Trump’s former homeland security adviser, Thomas Bossert, said Sunday he was “deeply disturbed” by Trump’s conduct on the call.
“It is a bad day and a bad week for this president and for this country if he is asking for political dirt on an opponent,” he said on ABC’s “This Week.”
Rep. Adam Kinzinger, R-Ill., said Sunday it was “beyond repugnant” that Trump had raised the specter of civil war.
And House Minority Leader Kevin McCarthy had to defend his use of White House talking points while answering questions about the call in an interview that aired Sunday on CBS’s “60 Minutes.”
When asked if Trump’s conduct on the call was “appropriate,” McCarthy dodged the question and said Trump “did nothing in this phone call that’s impeachable.”
On Monday, Michael Steele, a former chairman of the Republican National Committee, posted a video on Twitter of a woman trying to use a broom to push crashing waves back into the ocean, describing the futile effort as the Republican Party’s “new strategy to address the #WhistleblowerComplaint.”

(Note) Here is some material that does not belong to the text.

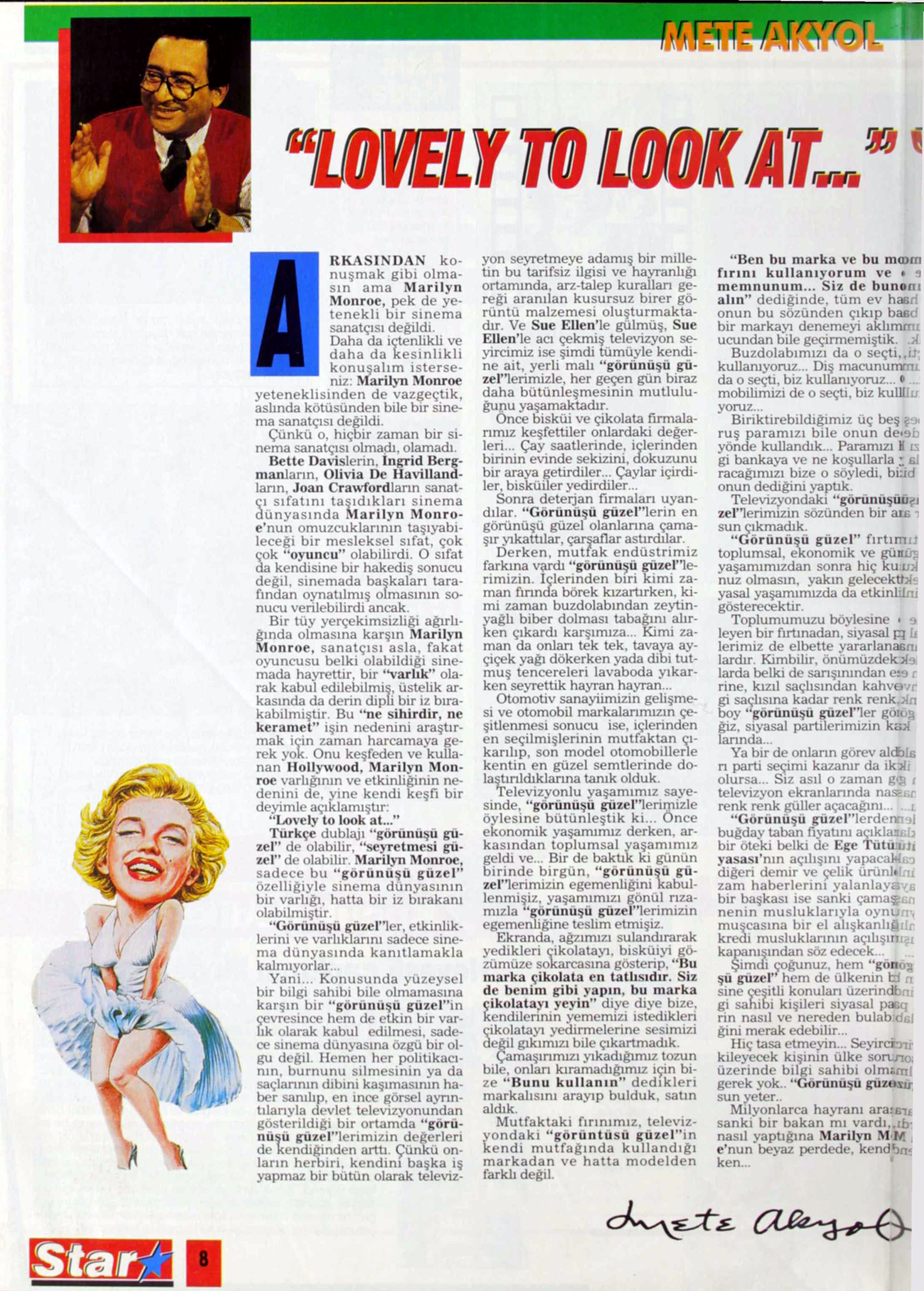 Marilyn Monroe yeteneklisinden de vazgeçtik, aslında kötüsünden bile bir sinema sanatçısı değildi.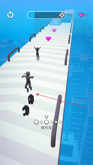 内置功能菜单涵盖所有火柴人合体造型与交通工具类型,无需通过跑酷进度解锁,直接选用心仪的人型“车辆”开启挑战。

Republicans are having a difficult time defending the president because the White House summary of Trump’s call with Zelensky, released last week, is so damning, said Lanny Davis, who helped Clinton navigate the impeachment process as a media surrogate.
In the summary, Trump told Zelensky to do him a “favor” by working with Barr to investigate various allegations, including unsubstantiated claims of corruption by Biden.
“The statement speaks for itself,” said Davis, a lawyer who now specializes in crisis management. “There’s no way to spin it. You can’t spin the sentence ‘Do me a favor.'”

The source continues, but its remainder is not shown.